The Supreme Court of Japan is only a short walk from the office. I sometimes go there to eat lunch at the corner overlooking the Uchibori-dori and Route 246 intersection. Maybe I'll also withdraw some money or buy a stamp at the post office on the ground floor. Outside it, under the empty bicycle shelter, stands alone at attention a young woman in a pale green/pale pink trouser-suit uniform and a painted smile on her face, apparently all day long waiting, I guess, for someone to park a bicycle there.
A few meters ahead of her, wearing no uniforms at all, stand three naked, black-bronze goddesses overlooking the intersection in self-absorbed interaction, the left and right figures respectively declaiming at and earnestly remonstrating with the middle one who gazes into the distance possibly singing.
On the back of the big pedestal of the work is a plaque, the first sentence of which reads (in my translation):
The achievements of advertising have contributed greatly to the furtherance of the peace industry and the industrial culture of our nation.Dentsu's self-homage continues, congratulating it on having achieved as much as it has in the past half century.
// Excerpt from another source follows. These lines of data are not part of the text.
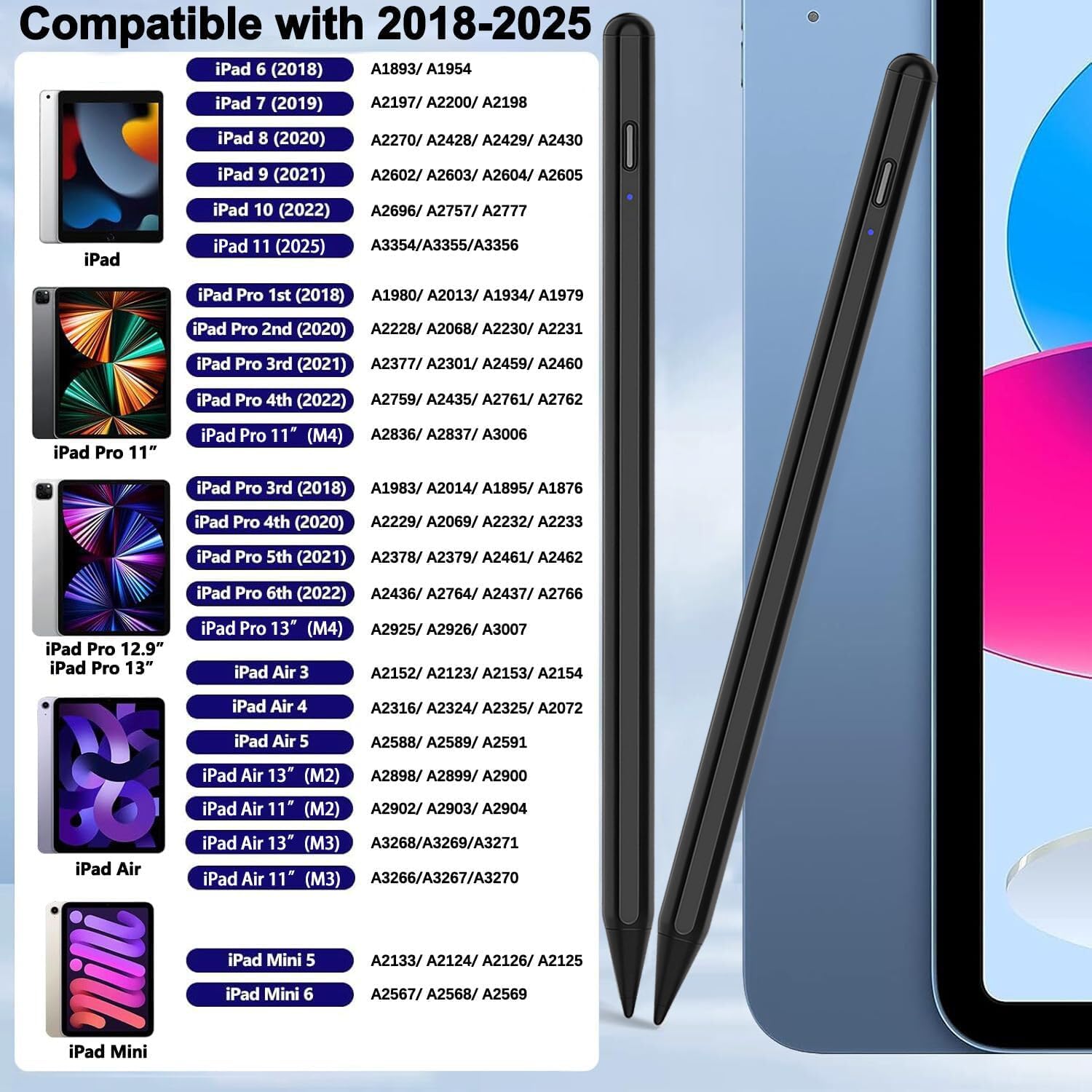 【Stylus Pen for iPad 2025-2018】iPad pen is ONLY Compatible with iPads released in 2018 or Later.Here are compatible Model:11th/10th/9th/8th/7th/6th Gen, iPad Pro 11"/12.9"/M4,iPad Mini A17/6th/5th Gen,iPad Air 3rd/4th/5th/M2/M3 Gen,iPad Pro 12.9" 6th/5th/4th/3rd,iPad Pro 11" M4/4th/3rd/2nd/1st. Please check the product model before placing an order.Check your iPad model in [Settings > General > About].
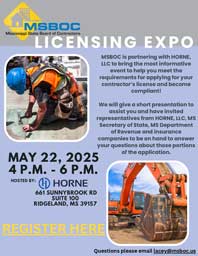 Topics include classifications of work, qualifications and experience, insurance requirements, financial requirements, business and law, as well as other need-to-know subjects. If you’re planning to apply for a Mississippi Contractor’s License, this workshop is sure to boost your confidence and understanding and give you a leg up over those who’ve not taken advantage of this valuable outreach resource.
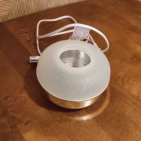 Tuoksulle oma lasi valaisimen päällä.
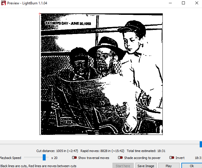 Nope! And now I am back to Engraving. I called up the image on the right I had just engraved to see what I had used for settings. The Cuts/Layers are different than what I put in. I think image was set to **/20 and Cut was set to 15/80. I saved the file and now it shows completely different numbers.
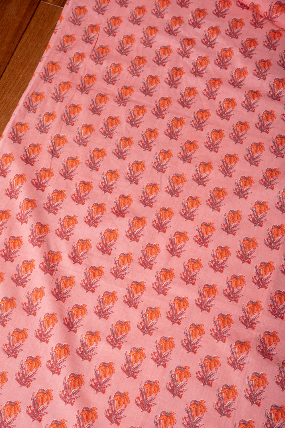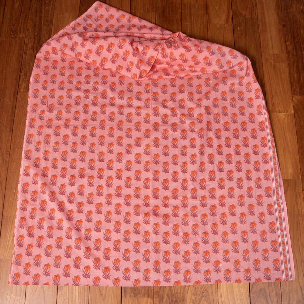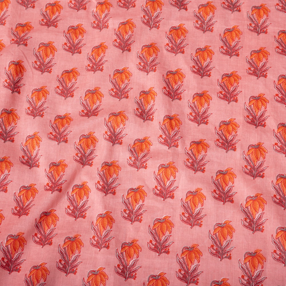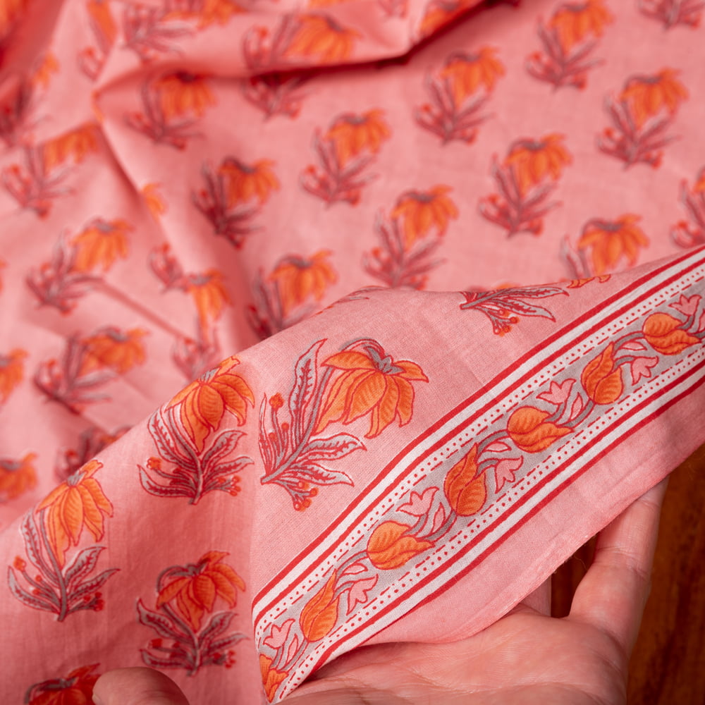 〔1m単位切り売り〕南インドの小花柄布〔約106cm〕 - コーラルピンク 通販店
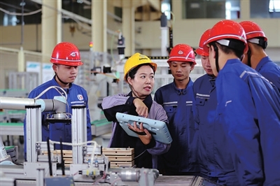 濟(jì)南職業(yè)學(xué)院教師指導(dǎo)學(xué)生開展墻壁開關(guān)智能柔性生產(chǎn)線調(diào)試實(shí)訓(xùn)。學(xué)校供圖
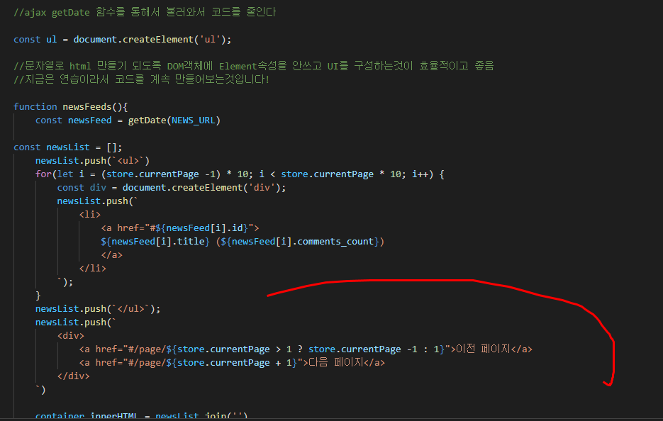 일단 Element 요소로 UI를 만드는 것은 비효율적이기 떄문에 문자열을 통해서 UI를 구현하고 라우터만들어 페이지 이동을하고 메인에 paging 을 구현했습니다!
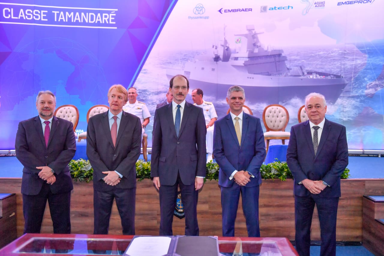 Foi realizada na tarde desta quinta-feira (5), no Arsenal de Marinha no Rio de Janeiro (AMRJ), a assinatura do contrato para a construção de quatro Fragatas da Classe Tamandaré. A Empresa Gerencial de Projetos Navais (EMGEPRON) é a gerente do contrato firmado com o consórcio vencedor, composto pela Embraer Defesa & Segurança, Thyssenkrupp Marine Systems e Atech. A partir de agora tem início a fase de projeto executivo, onde serão detalhadas as fases de construção das embarcações. A previsão é de que o primeiro navio fique pronto em 2025.
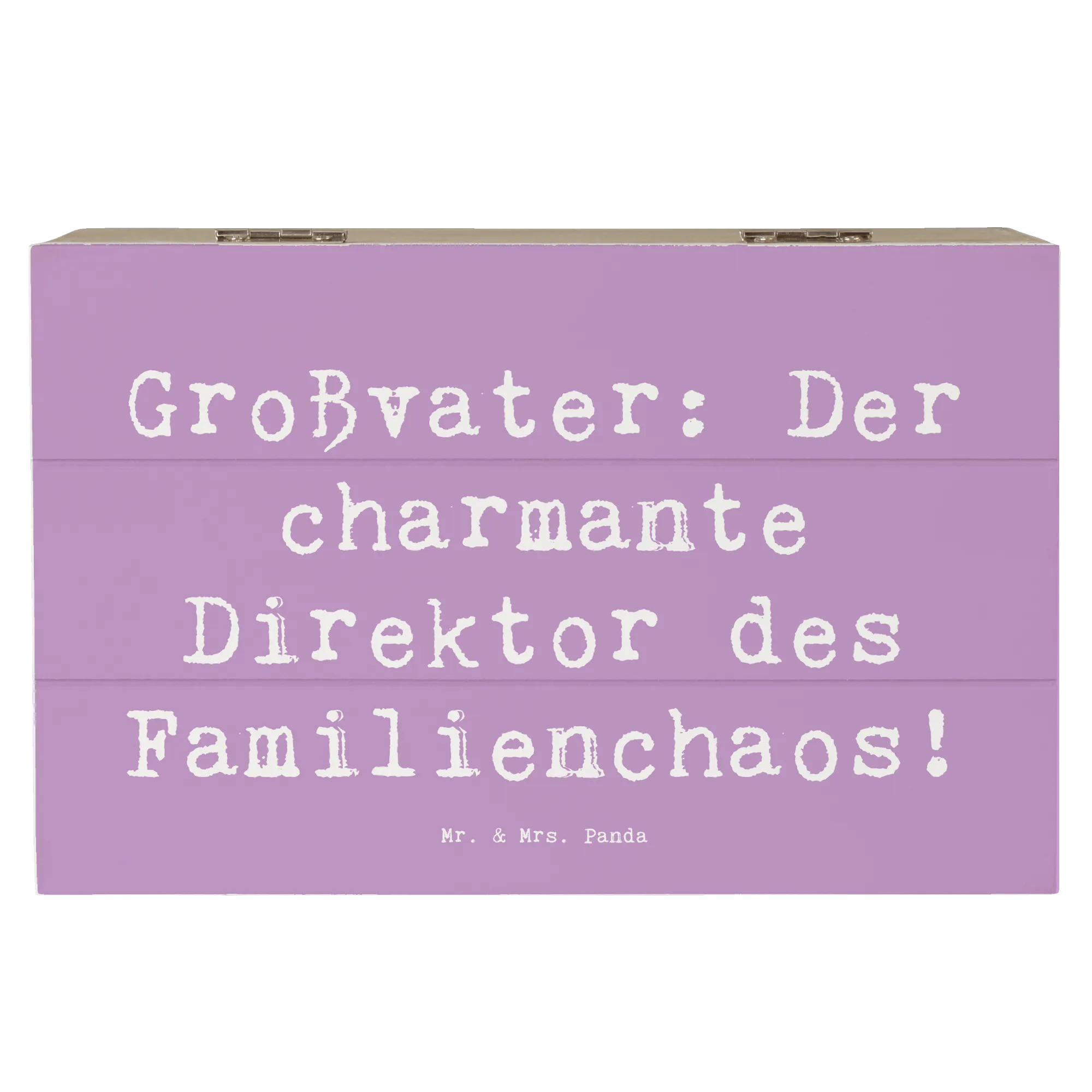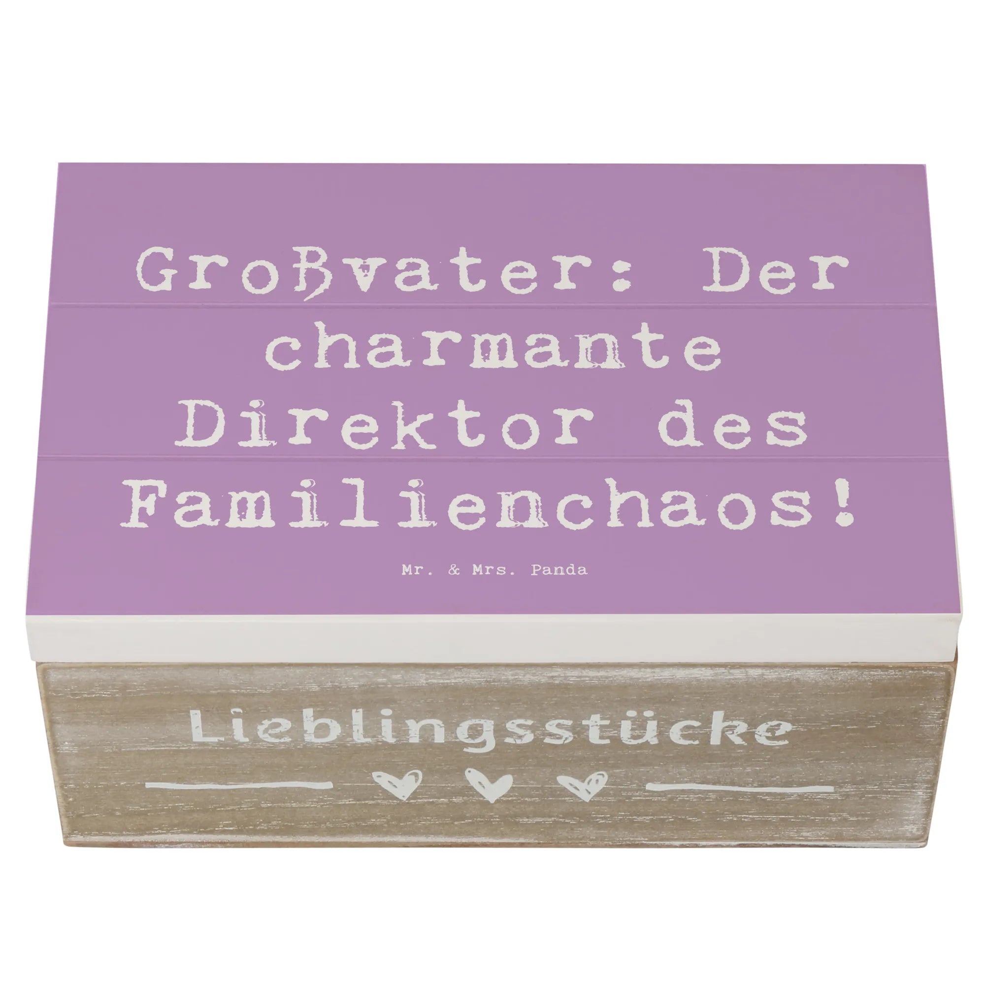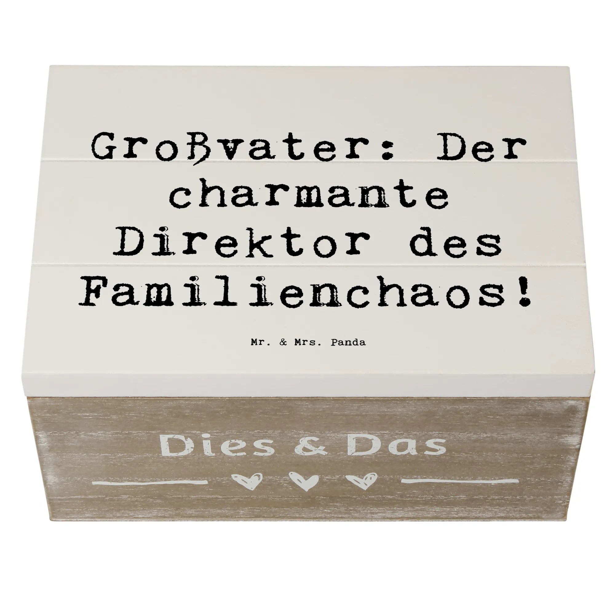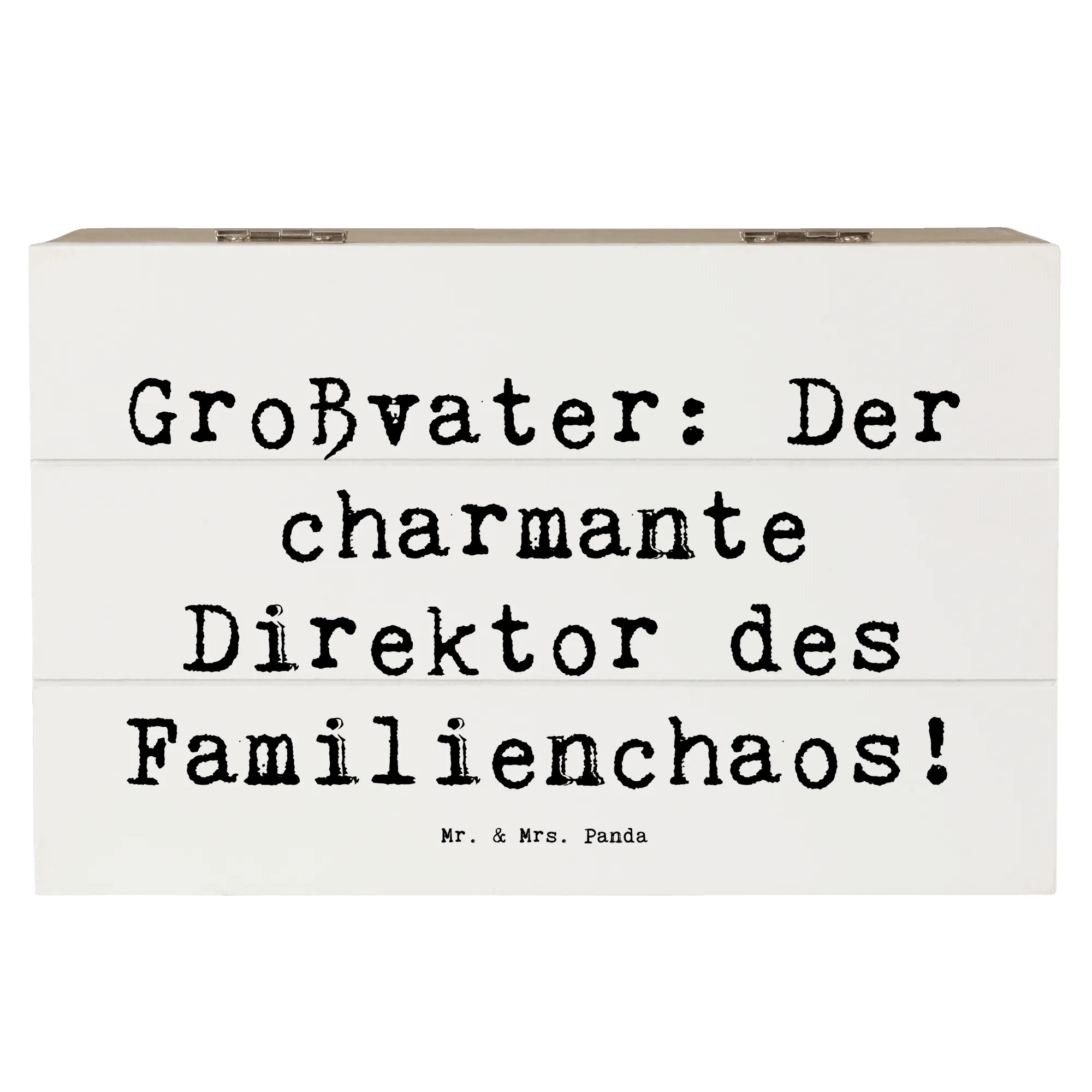 Entdecke die wunderschöne Holzkiste von Mr. & Mrs. Panda, die das perfekte Geschenk für Großväter ist! Diese Schatzkiste, ausgestattet mit dem charmanten Spruch 'Großvater: Der charmante Direktor des Familienchaos!', ist nicht nur ein aufmerksames Präsent, sondern auch ein liebevoller Aufbewahrungsort für all die wertvollen Erinnerungen, die Großeltern mit ihren Enkeln teilen.
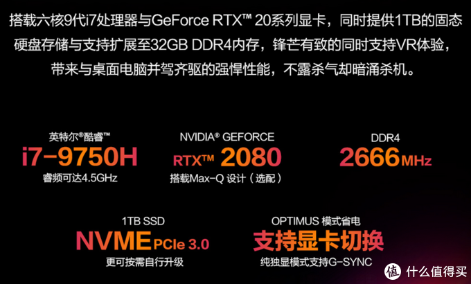 以顶配版本为例,i7-9750/RTX2080/240Hz/32G内存/1TB固态/15.6英寸IPS144Hz72%NTSC色域,厚度仅为1.79cm,铝合金外框,重量仅为1.9KG。
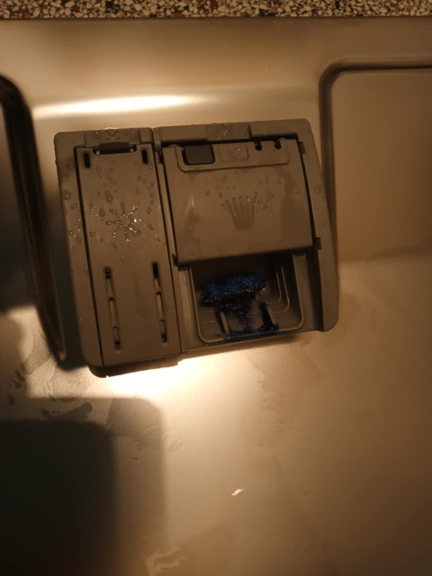 新しい食洗器を買って2年半経過!!以前にもあったけど、洗い上がった後、洗剤を入れる場所の蓋は開いてるはずなのに開いてない。開けたらこんな感じ ···
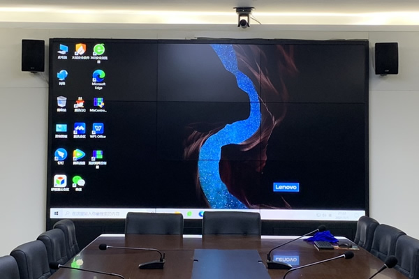 因為是用于會議顯示,所以信號源多是電腦信號,一般整屏只顯示一個畫面,主要顯示視頻、PPT、圖片等,所以對于顯示效果的要求要比監控顯示高。以大尺寸為首選,建議選擇55寸拼接屏,因為尺寸越大,所使用的拼接數量越少,可以減少拼縫數量,一定程度上會提升觀看效果。另外,大尺寸面板也是會議拼接屏發展的方向。
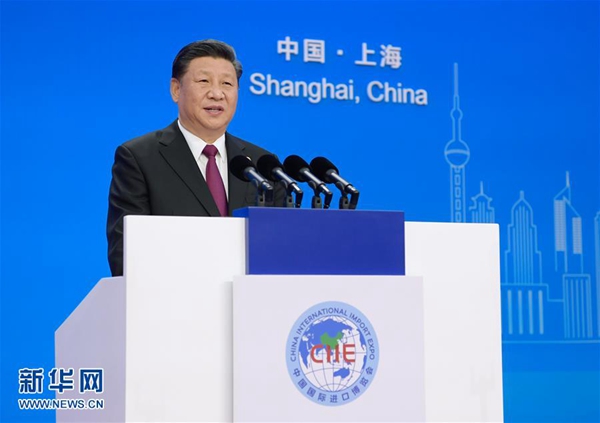2018年11月5日,首届中国国际进口博览会在上海开幕。国家主席习近平出席开幕式并发表题为《共建创新包容的开放型世界经济》的主旨演讲。 新华社记者 李学仁 摄
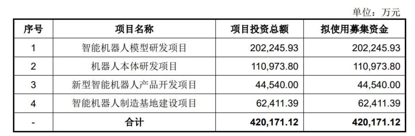 根据招股书显示,宇树本次融资总额为42.02亿元,具体分为智能机器人模型研发20.22亿元、机器人本体研发11.10亿元、新型智能机器人产品开发4.45亿元、智能机器人制造基地建设6.24亿元,共计四个项目。从募资分配计划中不难看出,做机器人模型是宇树当下最重要的任务。
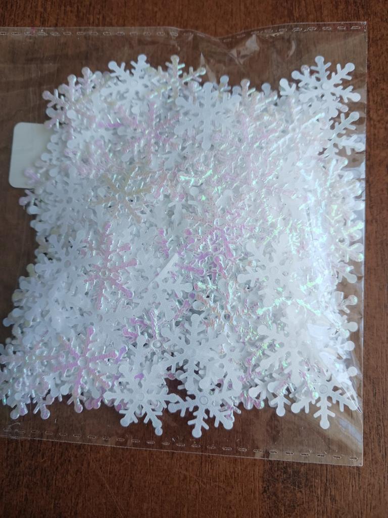 Glänzende Schneeflocken, ich habe nicht gezählt. Geeignet für Kreativität. Ich bin mit dem Produkt zufrieden, vielen Dank an den Verkäufer und Jum!)

The erection of Goddesses of Peace commemorated 50 years of Dentsu, in 1950.
"The peace industry" (平和産業 heiwa sangyo). I had never encountered this phrase before in Japanese, and neither had my Japanese colleagues. However, 1950 being only five years since the end of the Pacific War, heiwa sangyo sounds like jargon that acted as a whitewash for the companies that had been closely involved and intimately identified with the recent, ruinous war effort.